AETIONOMY results presented to Innovative Medicines Initative leadership

AETIONOMY was started more than five years ago to explore the idea that conventional disease definition (that is, the expert clinical assessment of groups of symptoms leading to an eventual diagnosis) is an increasingly outdated concept in the current medical environment. AETIONOMY sought to explore the factors that define or drive Alzheimer’s and Parkinsonian syndromes and their outcomes. To this end, there was a critical focus on integrating data from a range of external studies, as well as studies conceived and managed within the project, into a central database. This investigation has been performed by a broad group of scientists from clinical, research and data-science institutions and organisations across Europe.

The project has now ended and has been reported here and in other publications. The results were presented to IMI leadership in Brussels on 15 November. The key outcomes of AETIONOMY offer the community interesting insights into the potential to differentiate subtypes of neurodegenerative disorders. The project has delivered several computational models to link molecular features to different clinical presentations or outcomes, such as the speed of disease progression.

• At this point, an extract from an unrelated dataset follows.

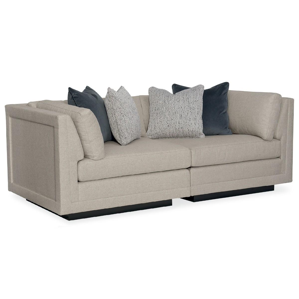 Мягкий модульный диван Modern Fusion от американского мебельного бренда Caracole — это воплощение повседневной элегантности и символ современного образа жизни. Универсальность этого роскошного дивана позволяет комбинировать самостоятельные модули по вашему желанию, создавая идеальную конфигурацию в любом интерьере. Безукоризненно выполненная обивка из фактурной твидовой ткани придает нейтральный стиль, вдохновленный современной модой. Контрастные декоративные подушки из вельвета и тонкого рубчатого плиса темно-серого цвета с легким голубым оттенком, а также с современной черно-белой прошивкой «елочкой» придают модели дополнительный комфорт. Вырезанный квадрат на внешней стороне спинки и основание из древесины темного оттенка добавляют необходимую симметрию в эстетику изделия.

The hope now is for ongoing research and clinical trials to utilise insights like these to understand options for differential treatment paths – indeed some members of the AETIONOMY consortium are already leading or participating in such initiatives.

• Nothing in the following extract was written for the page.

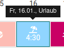 Wurde an einem Abwesenheitstag/Urlaubstag oder Feiertag Arbeitszeit erfasst, wird dies mit dem jeweiligen Symbol sowie der Arbeitszeit dargestellt.
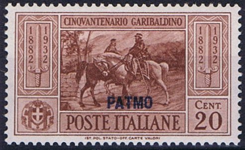 Visibility: public Image owner: none postage 8/28/1932 20c redbrn issue=Garibaldi 50th ovpt=PATMO oc=bl on=issuer=Italy-20c-redbrn-unissued Crops No visible images cropped from this one. Measurements Resolution is unknown. Source Source name: Colnect File URL: http://i.colnect.net/b/1703/268/50th-Death-Anniversary-of-Giovanni-Garibaldi.jpg Uploaded September 17, 2014, 10:10 pm by Stan Shebs |

It is too early to speak about treatment or diagnostic advances, but the team has demonstrated the power of data to identify valuable insights. Researchers will continue to build on the legacy of the project, as they leverage the AETIONOMY database and methods to further refine these findings.

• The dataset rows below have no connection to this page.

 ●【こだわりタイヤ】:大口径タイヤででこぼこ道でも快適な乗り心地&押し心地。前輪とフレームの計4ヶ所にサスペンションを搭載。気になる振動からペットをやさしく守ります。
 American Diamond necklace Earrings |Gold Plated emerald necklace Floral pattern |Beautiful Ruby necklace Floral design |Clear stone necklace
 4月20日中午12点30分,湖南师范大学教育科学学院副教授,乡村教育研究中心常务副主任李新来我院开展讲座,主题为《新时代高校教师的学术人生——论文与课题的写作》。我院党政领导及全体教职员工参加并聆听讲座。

You can access two key project tools here:

  • The AETIONOMY Knowledge Base, a unification point of the knowledge and data management on neurodegeneration with a main focus on Alzheimer’s and Parkinson’s diseases.
  • NeuroMMSig, a mechanistic interpretation of multiscale, multimodal clinical data, representing essential pathophysiology mechanisms of neurodegenerative diseases. Researchers can explore the biology that underpins disease development through this user interface.